How to fix one-day-off date errors
Peter Hartree
When Claude gets more than a few days' worth of calendar data using Google Workspace MCP, it'll sometimes offset dates by a day. It'll mention a non-existent date like Monday 3rd February (instead of Monday 2nd February) and then allocate events to the wrong day.
The fix
Add these instructions to ~/.claude/CLAUDE.md:
### Date verification protocol
LLMs are known to make day-of-week calculation errors. When mentioning a specific date in conversation, verify it using bash:
```bash
date -j -f "%Y-%m-%d" "2026-01-22" "+%A, %d %B %Y"
```
For times: copy the exact time from the API response (e.g., "16:00"). Do not mentally convert or retype.
### Formatting calendar output
When fetching events across multiple days, use `~/.claude/scripts/format-calendar.py` to format and group events by day. Save the raw MCP output as JSON, then pipe through the script:
```bash
python3 ~/.claude/scripts/format-calendar.py < /tmp/calendar-data.json
```
This eliminates date errors entirely—the script handles day-of-week mapping and timezone conversion deterministically. For single-event lookups, the date verification protocol above is sufficient.

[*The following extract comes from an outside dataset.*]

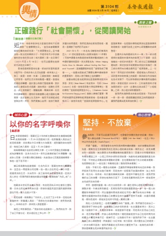 第 3104 期 主曆 2024 年 2 月 18 日(禮拜日) http://ChristianWeekly.net 輿 2情日本頭號通緝犯,匿藏近五十年的新左翼無政府主義極端組織成員桐島聰,1 月 25 日因癌病入院,他對醫護人員說自己就是桐島聰,消息傳出令日本警方大為緊張,趕到醫院欲向他問話,惟他已病入膏肓,延至 1 月 29 日辭世。桐島聰畢業於名校明治學院大學,七十年代受極左思潮影響,成為游擊隊員,並多次向日本一系列企業總部進行炸彈襲擊,造成多人死傷,日本警方懸紅通緝他,先後發出七百萬張通緝傳單,惟他一直下落不明。據云桐島聰為逃避通緝,化名內田洋,匿藏在神奈川縣藤達市,並且在一間建築公司任職。他一個人住在附近一棟小木屋,過着清淡的生活,日出而作,放工後有時去居酒屋喝酒,但很少與人來往。同事們都欣賞他的寡言和勤奮,暱稱他做「內田」或「小田」。他藏身半世紀而未被人發現,有說是因為日本社會很注重私隱,日本公民從來不用身分證,即使你連區民證及國民健康保險證也不用,旁人也甚少干預。就是這樣,桐島聰以「內田洋」之名活了五十年多,但他在病重臨終時,對醫護人員說:「我想在生命最後時刻,使用我的真名。」本來的名字,原來對人那麼重要。無怪上帝對摩西說 :「我按你的名認識你。」我們的名字,除了自己不會忘記,更永遠記在上帝心中。參加長跑,不單可以認識不同跑手,也學會許多關於跑步的詞彙,例如:個人最佳成績(Personal Best(PB))、撞牆(Hit the Wall)、在五/四小時以內完成全馬(Sub5/Sub4)。所謂「撞牆」,通常會發生在特別長時間持續的運動,由於身體能源消耗殆盡,運動者產生相當難受的生理與心理的痛苦現象。簡而言之,就是身體去到一個極點,無法靠意志和身體儲備的能量再發力;因着水分和電解質流失導致體溫上升,心理上同時亦感到很想放棄。為避免或減輕撞牆期產生的不適,平時就必須養成規律運動的習慣,並在運動前進行充分的暖身運動,包括靜態拉筋(一般拉筋)和動態拉筋(慢跑等熱身運動)。長跑,不單只是一種意志的鍛練,且讓我們學會做事要有充足的準備。我們長跑不是用生命去進行賭博,而是抱持一份堅毅不放棄的精神,加上有目標、有方向、有系統、有計畫的操練與訓練,過程中不斷地反思,使我們預備好自己的身體,即使在皓熱的天氣下,又或者是嚴寒的雨天中,都能堅持去完成所定的目標。然而,當遇到撞牆,唯一的方法就是停一停,讓生理和心理都可得到調適。調整步頻,令痛苦降到最低,是幫助我們克服推牆重要的一步。每一個人的體質和準備都不同,所以撞牆時間或長或短也不同。跑手如有充分準備,就懂得在撞牆時如何在保護自己身體安全的大前題下堅持不放棄,向着目標邁進,哪怕是超時,都能安全地持守到底,完成比賽。跑在人生的旅程上,若遇到屬靈生命的「撞牆」期,我們會否也給自己一個安靜停下來的空間,去調適自己的步伐和節奏,在主裏重新得力,再次上路?這個停下來,不是說停事奉,或甚麼都不理會,而是再次反思自己的生命,是否開步過慢,然後心急跑得過快?還是跟錯速度令自己在短時間內消耗體力?還是準備不足,鍛練不足,以致應付不來?當我們停下來,在主裏為自己身心調適整理,然後謹記:忘記背後,努力面前,再次重拾自己的速度,一步步向標竿直跑。當我們靠着從主而來的力量堅持下去,能夠完成目標,那份喜樂實在是非筆墨所能形容。以你的名字呼喚你 堅持.不放棄近年來,有愈來愈多地方堂會定期或不定期舉辦「社會關懷主日」,這是教會醒覺要植根社羣的良好兆頭。「社會關懷主日」至今還沒有一致法定的舉辦日子,不過早有不少宗派教會約定在每年預苦期(或大齋期)第一主日舉行(2024 年是 2 月 18 日),也可以選擇在這節期內其他主日舉行。香港是個相對富裕社會,卻由於財富和資源分配不均,仍有許多人生活在底層,新來港人士、移工、貧窮、老病、失業、工資被剝削、無蝸居之所等等,他們生活日常的難題一籮筐。基督徒是個信仰羣體,基於愛心和踐行聖經教導,對於貧窮人會提出各式倡議,諸如探訪、送贈生活用品、成立食物銀行、贈醫施藥、職業訓練、託兒和功課輔導等。還有好些教會關心遠方國族社羣需要,差派宣教士生活其中,進而不定期組成短宣隊訪問。然而,我們要撫心自問,這些行動更深層次的問題是:我們是真的在幫助受助者,還是一直傷害了他們仍不自知?2021 年 5 月,一本名為《機智的好撒瑪利亞人:21 世紀基督徒助人前要知道的 11 件事》(可惜中譯書名有點過度被策展斧鑿痕跡的)的中譯好書悄悄面世。英文原著名為:When Helping Hurts: How to Alleviate without Hurting the Poor… and Yourself;直接翻譯過來就是「當幫助成了傷害……」。這書出版後成了關懷社羣中最被推崇的重要著作,是助人者行動前上佳的讀物。該書由兩位著名經濟與社區發展專家顧問布萊恩.菲克(Brain Fikkert)和史蒂夫.考柏(Steve Corbett)合著。前者是耶魯大學經濟學博士,聖約學院「查莫斯經濟發展中心」(Chalmers Center for Economic Development)創辦人兼執行董事,專門研究國際經濟學和經濟發展領域,是本書主要執筆人。後者目前是「查莫斯經濟發展中心」社區發展專家,也是聖約學院經濟與社區發展學系助理教授。這書可說是上述中心研發團隊的成果整理。全書共分為四個部分共十一章。第一部分透過探討貧窮的本質來為扶貧事工打下基礎,並且

The Python script takes output from the Google Calendar MCP server, and outputs a schedule that my "chief of staff" skill can return verbatim:
### Monday 03 February 2026
* 09:00–10:00 Team standup
* 14:00–15:30 Project review (Room 3)
### Tuesday 04 February 2026
* [All day] Public holiday
* 16:00–17:00 1:1 with Sarah
Takeaway: if an LLM is unreliable at a deterministic task, delegate it to a deterministic tool.